Symplectic geometry of a moduli space of framed Higgs bundles

TL;DR

This paper constructs a natural holomorphic symplectic structure on a moduli space of framed Higgs bundles over a Riemann surface, extending the known Poisson structure on the space of twisted Higgs bundles.

Contribution

It introduces a new holomorphic symplectic manifold structure on the moduli space of framed Higgs bundles, enhancing the existing Poisson structure on twisted Higgs bundle moduli.

Findings

The moduli space of framed Higgs bundles admits a natural holomorphic symplectic structure.

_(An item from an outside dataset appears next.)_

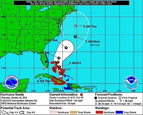 But Hurricane Sandy, which passed over Cuba last night, has the potential to collide with an early winter storm from the east and an arctic blast of air from the north, effectively wreaking havoc along the east coast of the United States, according to meteorologist reports.
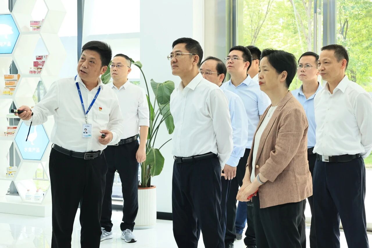 吴扬向时任农业农村部科教司二级巡视员窦鹏辉介绍国产自研新型疫苗佐剂

The symplectic structure on the framed Higgs moduli space is explicitly investigated.

The associated Hitchin system for the framed Higgs bundles is analyzed.

Abstract

Let $X$ be a compact connected Riemann surface and $D$ an effective divisor on $X$. Let ${\mathcal N}_H(r,d)$ denote the moduli space of $D$-twisted stable Higgs bundles (a special class of Hitchin pairs) on $X$ of rank $r$ and degree $d$. It is known that ${\mathcal N}_H(r,d)$ has a natural holomorphic Poisson structure which is in fact symplectic if and only if $D$ is the zero divisor. We prove that ${\mathcal N}_H(r,d)$ admits a natural enhancement to a holomorphic symplectic manifold which is called here ${\mathcal M}_H(r,d)$. This ${\mathcal M}_H(r,d)$ is constructed by trivializing, over $D$, the restriction of the vector bundles underlying the $D$-twisted Higgs bundles; such objects are called here as framed Higgs bundles. We also investigate the symplectic structure on the moduli space ${\mathcal M}_H(r,d)$ of framed Higgs bundles as well as the Hitchin system associated to it.